Rents surge a 'concerning' 13.7% in a year to a $508 median

author-avatar By on August 18, 2021
Rents surge a 'concerning' 13.7% in a year to a $508 median

The latest data from SQM Research shows vacancy rates have plummeted, pushing rent prices up and placing pressure on the regions in particular.

The national median rent price sits at $508 a week, which is 1.3% higher in the past 30 days, and 13.7% higher for the past 12 months.

This is attributed to low vacancy rates putting pressure on a few rental markets.

While the total number of vacancies is higher now (61,313 total) than in June (60,468), vacancy rates remain below 1% in Adelaide, Darwin, and Hobart.

SQM managing director Louis Christopher said this could be as a result of Melbournians and Sydneysiders fleeing ongoing lockdowns.

"Current tight rental vacancy rates are driving up rents across Australia.
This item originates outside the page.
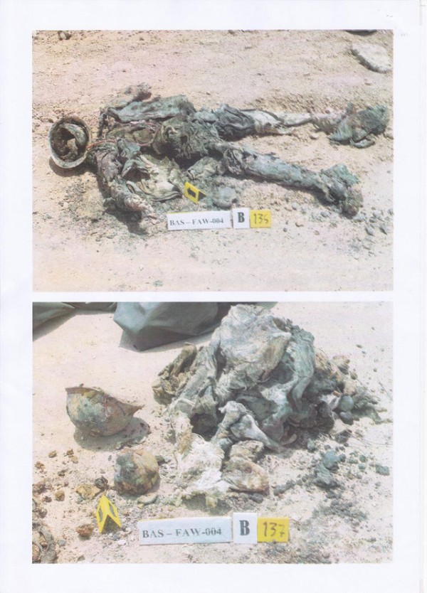 ونرجو قراءة جواب الوزارة رقم 2 أدناه، الذي نقلنا منه المعلومات أعلاه، ومرفق 4 صور أستلمناها أيضاً من الوزارة، ولو أنها صورة محزنة ومؤلمة. ولكن يجب تقبل الحقيقة رغم أنها مؤلمة في كثير من الحالات. تظهر كيف يتم التعامل مع الرفاة عند استخراجها.

It is somewhat perplexing to see both regional Australia and the Capital cities record surges," Mr Christopher said.

"Given the ongoing international border closures and still relatively high completions, the national rental market should be at least more balanced.

"That may well still happen if lockdowns persist through to summer as it is likely many people living in Sydney and Melbourne may attempt to move elsewhere."

Sydney CBD's vacancy rate remains elevated at 6.1%, "possibly reflecting the new lockdown" according to SQM's report.

The wider city, however, saw its vacancy rate drop from 2.8% in June to 2.7% in July.

Despite being on a lockdown yo-yo, Melbourne CBD's vacancy rate fell to 5.7%.

The wider city's vacancy rate increased slightly from 3.5% in June to 3.6% in July. 

A house in Canberra remains the most expensive dwelling to rent in Australia, now at a median of $724.60 per week - closely behind was a house in Sydney at $697.80 per week.

The desire for a house has led to a further 'divergence' between unit and house prices - to buy and to rent.

First National chief executive Ray Ellis said this first started happening early in 2020 as lockdowns took hold.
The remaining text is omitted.